Differential weights can be useful if there is strong prior knowledge about the methods’ relative accuracy. For example, polls are well known to have little predictive value until shortly before the election (Erikson and Wlezien, 2012). Thus, it might be useful to assign lower weights to polls early in the campaign and then gradually increase their weight as the election comes closer, an approach that is becoming standard practice in models that combine structural (fundamental) data and updated polls over time.
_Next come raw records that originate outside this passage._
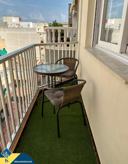 3-jų kambarių penthouse apartamentas su terasa, Ispanijoje, Alicante provincijoje, Torrevieja mieste, Playa del Cura rajone, bendras plotas 60 m², 300 metrų iki jūros, 45 kilometrai iki Alicante oro uosto. Turtui priklauso terasa, liftas. Netoli turto yra parduotuvės, restoranai, autobusų stotelės, degalinės, žalios zonos, kavinės, vaistinės
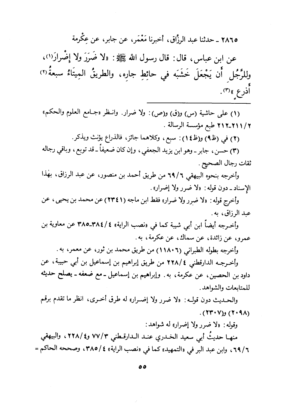 ٢٨٦٥ - حَدَّثَنَا عَبْدُ الرَّزَّاقِ، أَخْبَرَنَا مَعْمَرٌ، عَنْ جَابِرٍ، عَنْ عِكْرِمَةَ، عَنِ ابْنِ عَبَّاسٍ، قَالَ: قَالَ رَسُولُ اللهِ صَلَّى اللهُ عَلَيْهِ وَسَلَّمَ: " لَا ضَرَرَ وَلَا ضِرَارَ، (١) وَلِلرَّجُلِ أَنْ يَجْعَلَ خَشَبَةً فِي حَائِطِ جَارِهِ، وَالطَّرِيقُ الْمِيتَاءُ سَبْعَةُ (٢) أَذْرُعٍ " (٣)
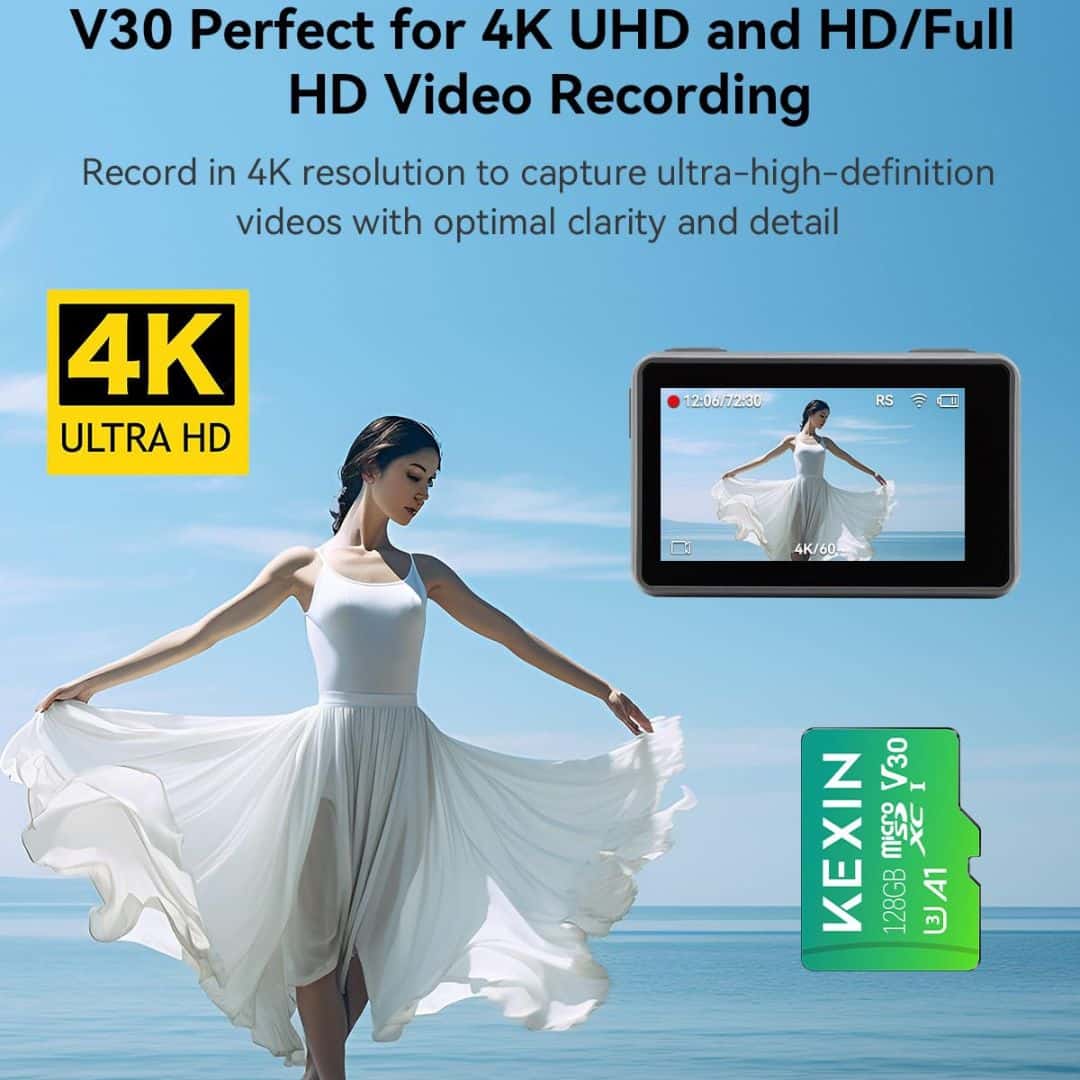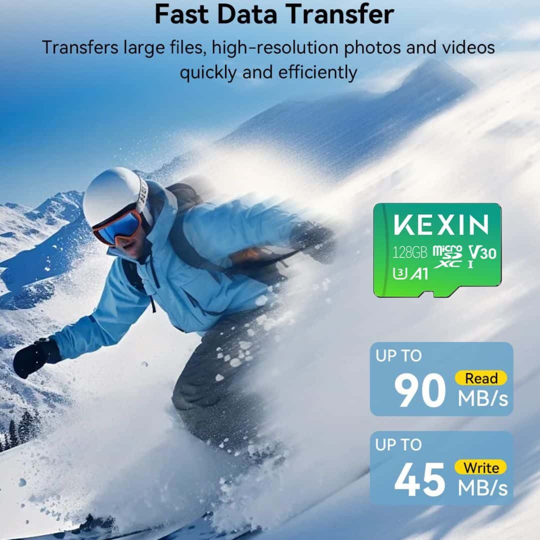 KEXIN 128GB Micro SD Card with SD Adapter, 85MB/s Read 30MB/s Write, 4K UHD High Speed TF Card
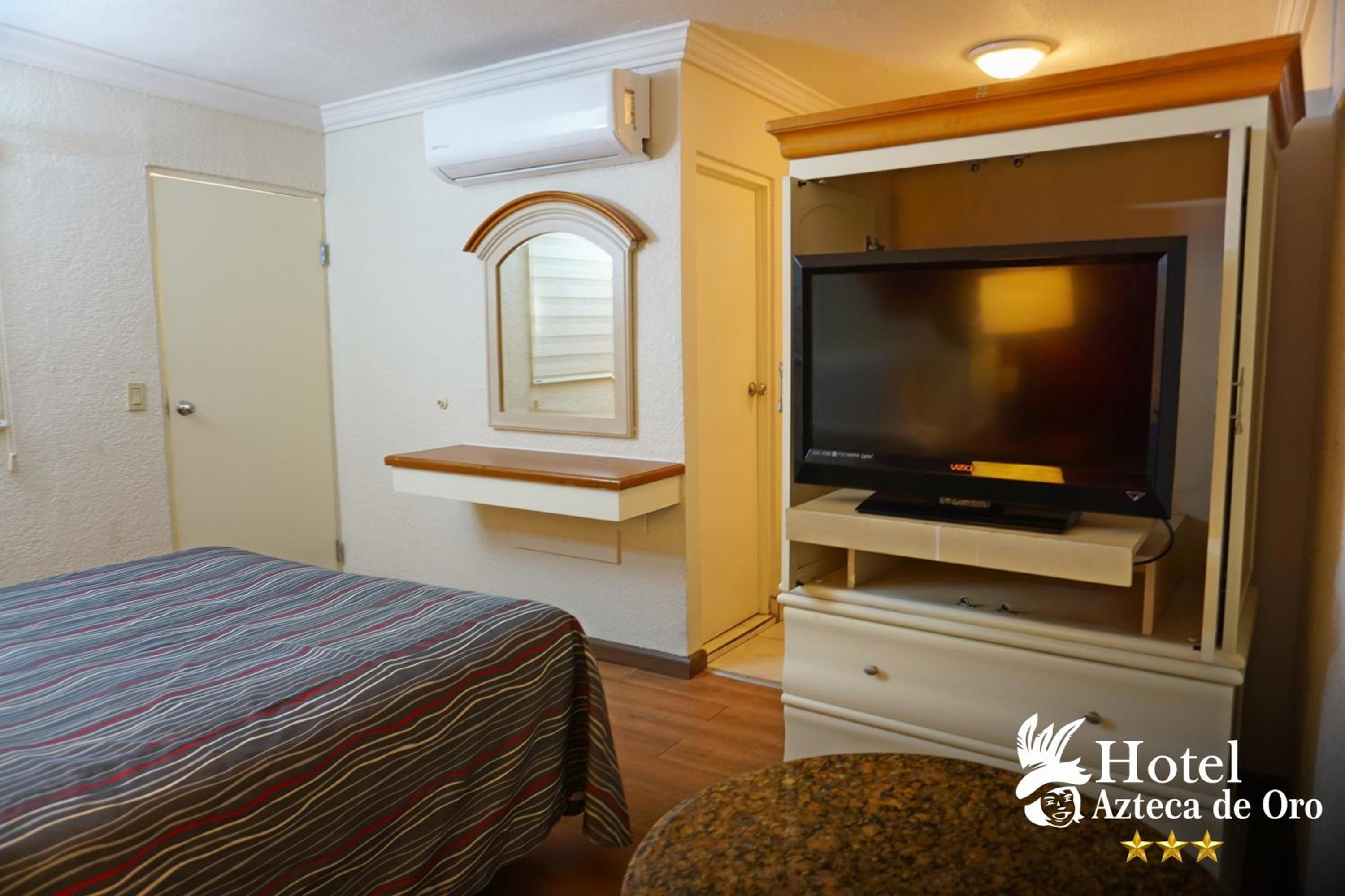 Each room at Azteca de Oro Mexicali Hotel features modern amenities such as air conditioning, a flat-screen TV with satellite channels, and a private bathroom with a shower. Enjoy a comfortable stay in well-equipped rooms.
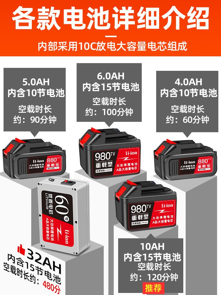Upgrade (10 cells 4.0ah) 1 power standard, Upgrade (10 cells 4.0ah) 2 power standard, Brushless reinforced mod...
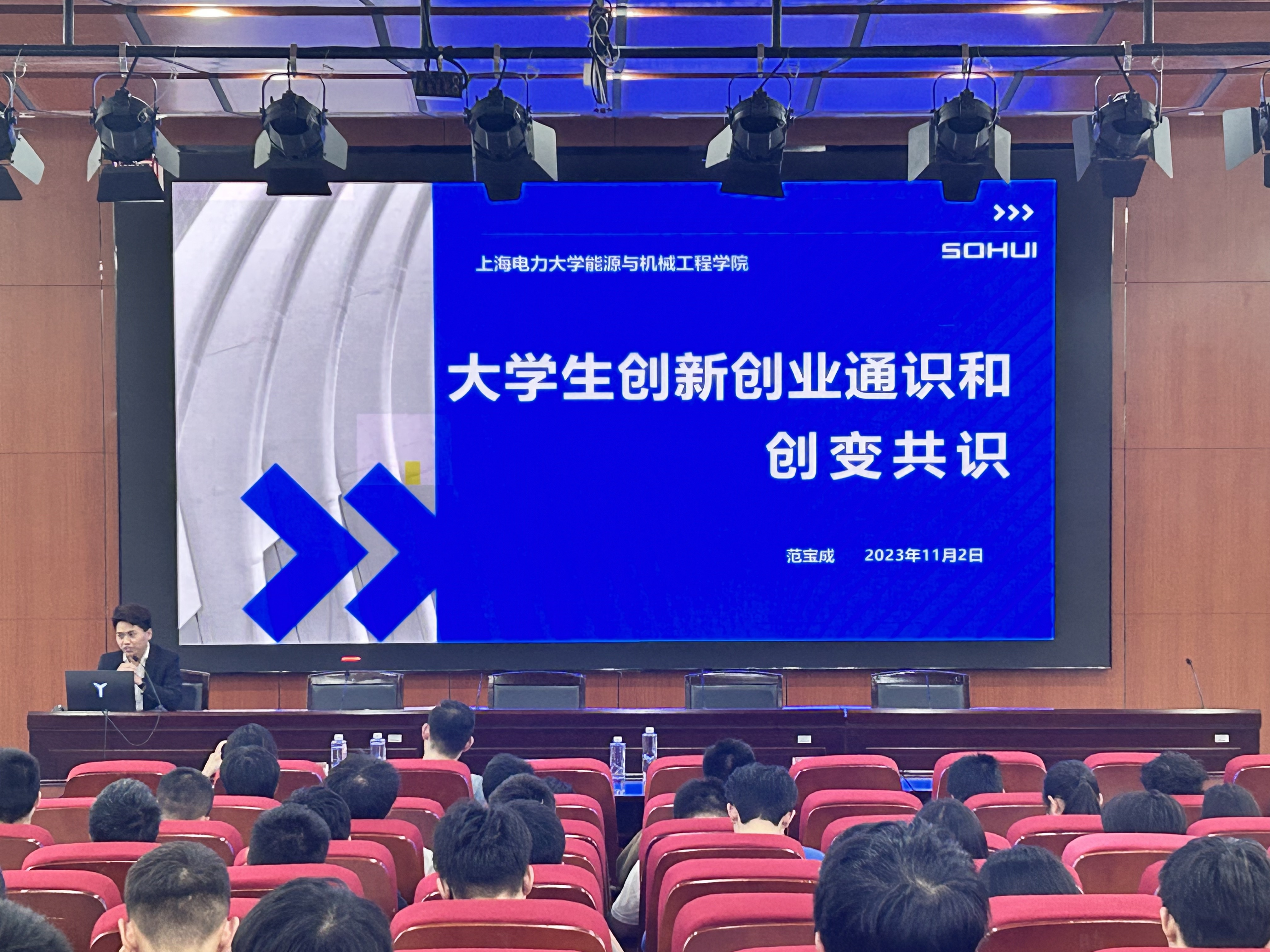 会议最后,邀请了全国“互联网+创新创业”大赛导师范宝成以“大学生创新创业通识和创变共识”为主题,为在场师生进行专题讲座。范老师从分享自己学生时期的经历谈起,从最初获得创业动力与资源,到企业的价值链,进而创业VRIO模型等,结合自身的发展、经验、感受,为同学们详实地描绘了一个创业者的奋斗史,生动的讲座为现场的同学们树立起投身创新创业活动的榜样,帮助同学们明确开启创新创业项目的方向,也激发起更多同学对自己的创新创业之路的期待。
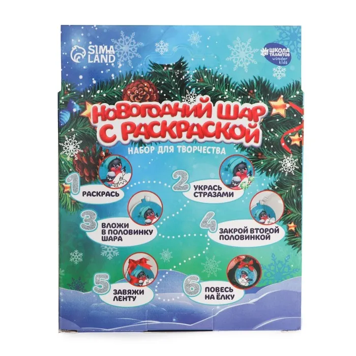 Ёлочный шар с раскраской на новый год «Снегирь», набор для творчества — Характеристики
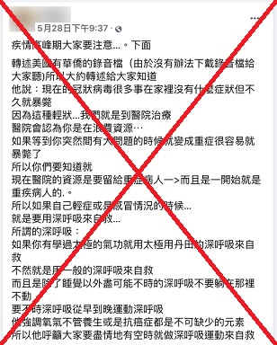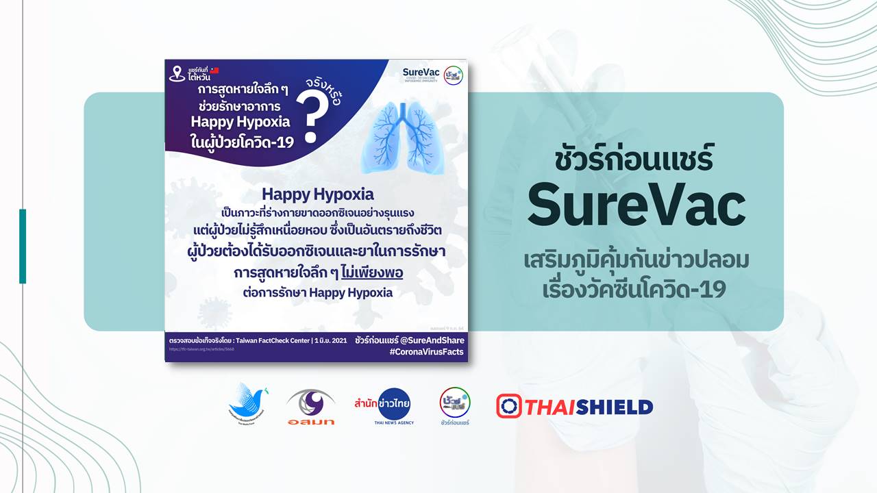 มีข้อมูลเท็จเผยแพร่ทางสื่อสังคมออนไลน์ในไต้หวัน โดยอ้างว่าการสูดหายใจลึกๆ จะช่วยป้องกันการเกิด Happy Hypoxia หรือภาวะที่ร่างกายขาดออกซิเจน โดยไม่มีอาการขาดอากาศหายใจ ซึ่งพบได้ในกลุ่มผู้ป่วยโควิด 19 การฝึกสูดหายใจลึกๆ ตลอดเวลา จะช่วยให้ร่างกายไม่ขาดออกซิเจนจากภาวะ Happy Hypoxia
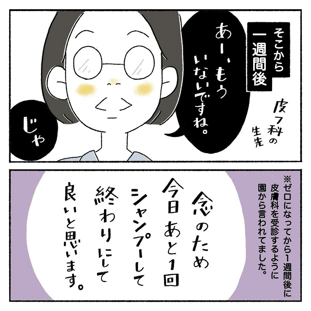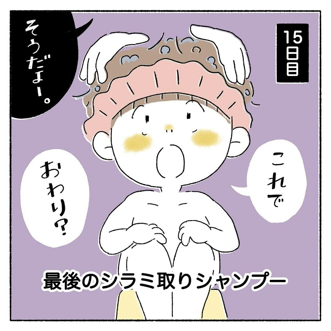 目視ゼロから一週間後、皮膚科を受診したところ、シラミはもういないとお墨付きをもらいました。作戦開始から15日目、最後のシャンプーを使って、いよいよ撃退作戦完了です。
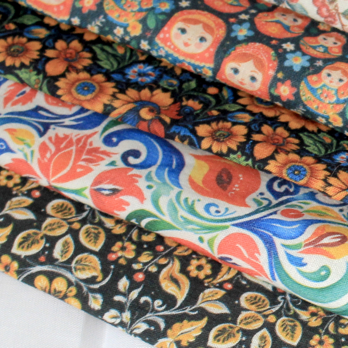 Коллекция "Русский стиль" представлена 6 принтами. Среди них есть матрешки, ягодки, листочки, петушок. Цветовая гамма принтов располагает к созданию образов в русских традициях.
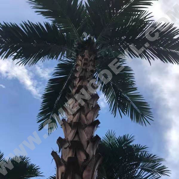 仿真棕櫚樹主要采用璃鋼樹脂樹桿材料結構,用高性能環氧樹脂和玻璃纖維纏繞成型,樹桿內采用國標鋼結構,樹葉采用ABS塑料或PU等高性能防阻燃環保材料。具有耐腐蝕性能、耐高溫、防阻燃,使用更加環保。
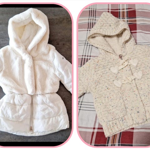 Søt og varm fuskepels jakke fra Mango i en flott lyseblå farge selges sammen bluse fra Zara. Blusen har skinnende krystaller og fine broderier, en favoritt som har blitt for liten. Begge i størrelse 140.
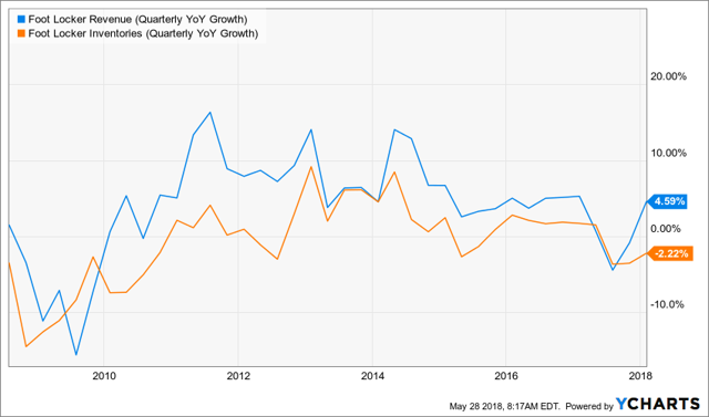 与所有零售业务一样,成功的关键之一是库存管理。在第一季度末,Foot Locker的库存为12.1亿美元,比去年同期下降了5.4%。在固定汇率下,库存下降了7.1%。为了清楚地看到公司实际管理库存的情况,下图展示了它与销售收入的关系。

For a review of existing models see Lewis-Beck and Dassonneville (2015), who also incorporate this prior knowledge about the relative accuracy of polls over time to develop forecasting models for French, German, and UK elections.
While combining is most powerful when aggregating many forecasts that use a different method and different data, the approach can also be used if fewer methods are available. In a recent study, combining forecasts from three methods (a quantitative model, prediction markets, and polls) yielded accurate predictions of the 2012 US Electoral College and senatorial elections, a situation in which data are scarce (Rothschild, 2014).
Finally, the benefits of combining are of course not limited to US elections. In a recent validation test, the PollyVote was used to predict vote shares of seven parties in the 2013 German federal election by averaging forecasts within and across the four-component methods that were used in the original US PollyVote. Across the 58 days for which forecasts from all four components were available, the combined PollyVote forecast was more accurate than each component’s typical forecast. Error reductions ranged from 5%, compared with a typical poll, to 41%, compared with a typical prediction market (Graefe, 2015).
Conclusion
Since 2004, the PollyVote has demonstrated the benefits of combining for forecasting the national vote in US presidential elections by averaging forecasts from four-component methods. Combining is a simple and powerful strategy to generate accurate forecasts. Combining forecasts from different component methods typically yields more accurate predictions than the average (i.e. randomly selected) component, and often outperforms even the best component. Adding forecasts that use a different method and different data to the combination can be expected to further improve accuracy. Given the results of the present research note, the PollyVote will add vote expectations as a fifth component for forecasting the 2016 US presidential election.